AO performed the immunohistochemical staining. CW gave technical assistance. GM designed the study, examined histological and immunohistochemical staining, and reviewed the manuscript. All the authors have read and approved the final manuscript.”
“Background Non alcoholic fatty liver disease (NAFLD) involves a spectrum of conditions ranging from simple fat accumulation in the liver to end stage liver failure and cirrhosis.

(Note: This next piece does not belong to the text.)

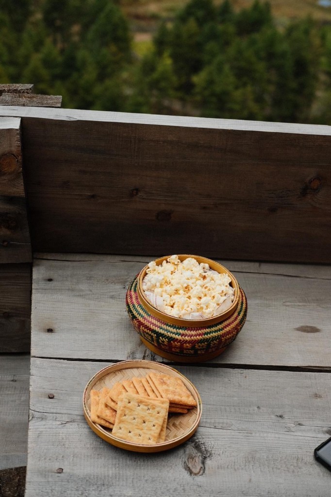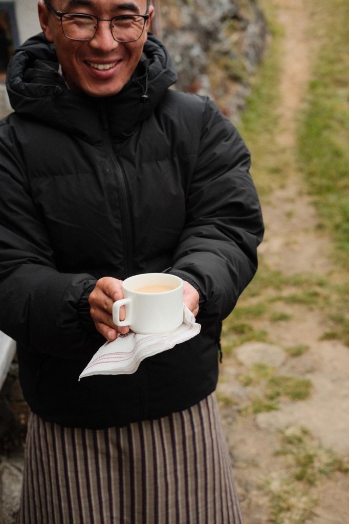On our way out of the hermitage, our marvellous driver Dorji was waiting for us with a Bhutanese milk tea made with black tea, ginger and cordyceps, along with popcorn and sweet-and-sour crackers, and we merrily recounted the tales of the day.
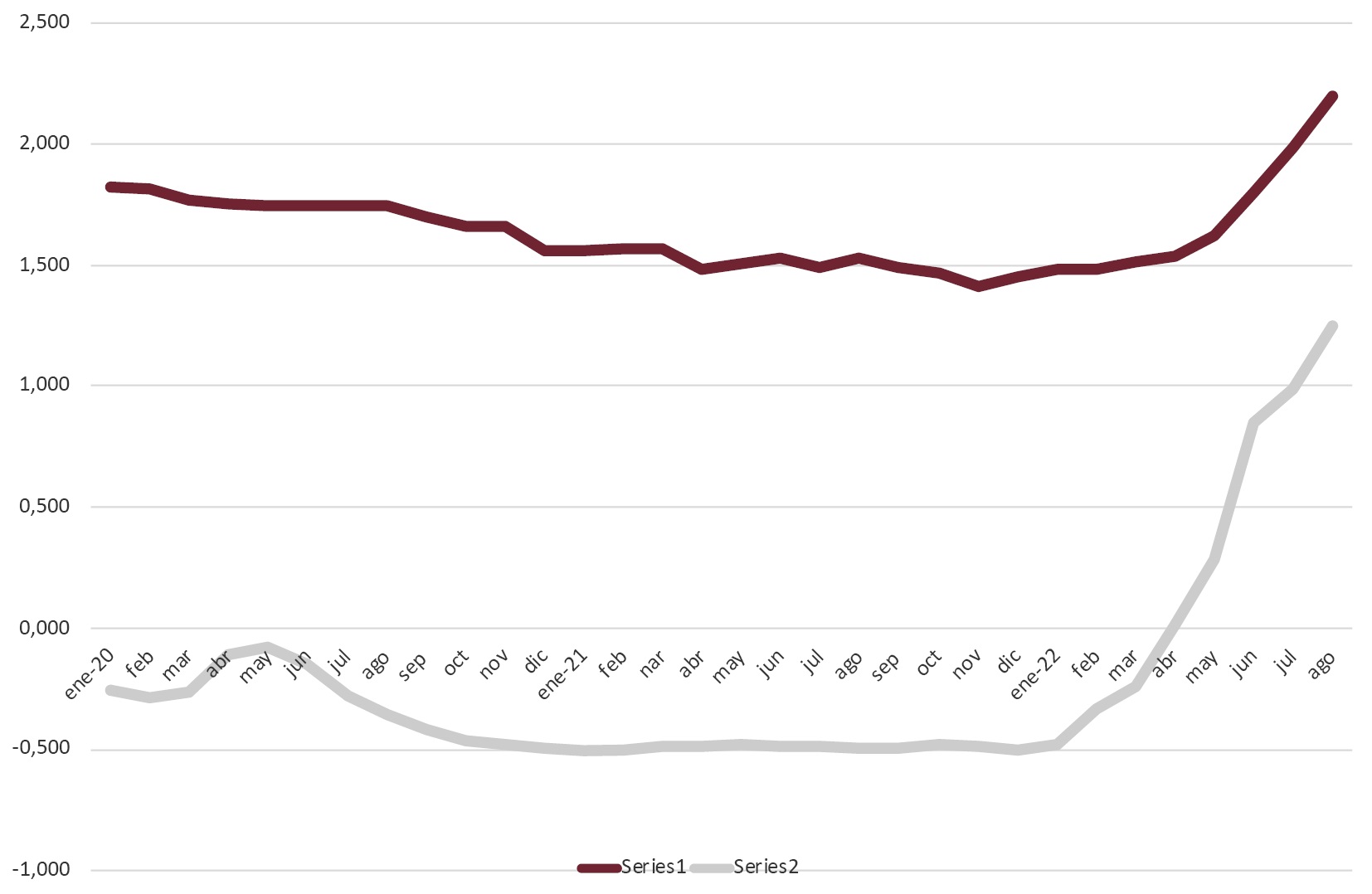 Tras permanecer situado en valores negativos en el periodo 2016-2021, el Euribor a doce meses ha registrado un importante aumento entre los meses de mayo y agosto de 2022. Dicha evolución es, sobre todo, consecuencia de las dos elevaciones de los tipos de interés efectuadas por el BCE en el transcurso de 2022, que habían sido precedidas por incrementos de mayor alcance por parte del Banco de la Reserva Federal de Estados Unidos.

NAFLD can lead into the development of non alcoholic steatohepatitis
(NASH) [1]. NASH is an emerging health concern and it is believed that its prevalence is on the rise due to escalating obesity rates [2]. Estimated NAFLD prevalence in Western countries is between 17-33% [3]. NAFLD accounts for up to 20%, and NASH find more accounts for 2-3% of liver test abnormalities in most developed countries [4]. NASH is typically reported in obese individuals suffering from one
or a combination of type 2 diabetes, insulin resistance and dyslipidaemia, but is not restricted to this group [2]. There is often an increase in aspartate aminotransferase (AST) and alanine aminotransferase (ALT) [5]. Lipid accumulation occurs early in NASH as part of the development of the disease [6]. The two hit disease model postulates that steatosis is a trigger for the establishment of NASH and the increased levels of fat infiltration cause damage to the liver by forming fat droplets within the hepatic tissue, thus setting off the second hit of
the disease by causing lipotoxicity. In addition, cytokines and eFT508 nmr reactive oxygen species (ROS) create a pro-oxidant state that can activate stellate cells to produce fibrotic scar tissue [7]. Liver fatty acid binding protein (LFABP) accounts for 3-5% of the cytosolic protein content in hepatocytes. Org 27569 LFABP is transcriptionaly regulated by the nuclear hormone receptor, peroxisome proliferator-activated protein α (PPAR-α), and is responsible for intracellular trafficking of long chain fatty acids [8]. Rat LFABP has recently been described as an endogenous antioxidant [9], and may be useful in states of extreme oxidative stress when intracellular https://www.selleckchem.com/products/BIRB-796-(Doramapimod).html antioxidants such as superoxide dismutase, glutathione and catalase cannot quench excessive quantities of ROS. This antioxidant characteristic of LFABP is thought to result from the methionine groups located in the cavity of the LFABP binding site [9]. NADPH oxidase (NOX), an enzyme complex responsible for generating superoxide, is activated in rat Kupffer cells in alcoholic liver disease, through induction of transcription factor NF-κβ and TNF-α production [10]. However, administration of a methionine choline deficient (MCD) diet to p47 knockout mice, lacking a critical subunit of the NOX complex, showed that NOX is not an important contributor of oxidative stress generation. The p47 knockout mice on an MCD diet developed NASH with similar pathology as wild type, despite the lack of a functional NOX enzyme [11].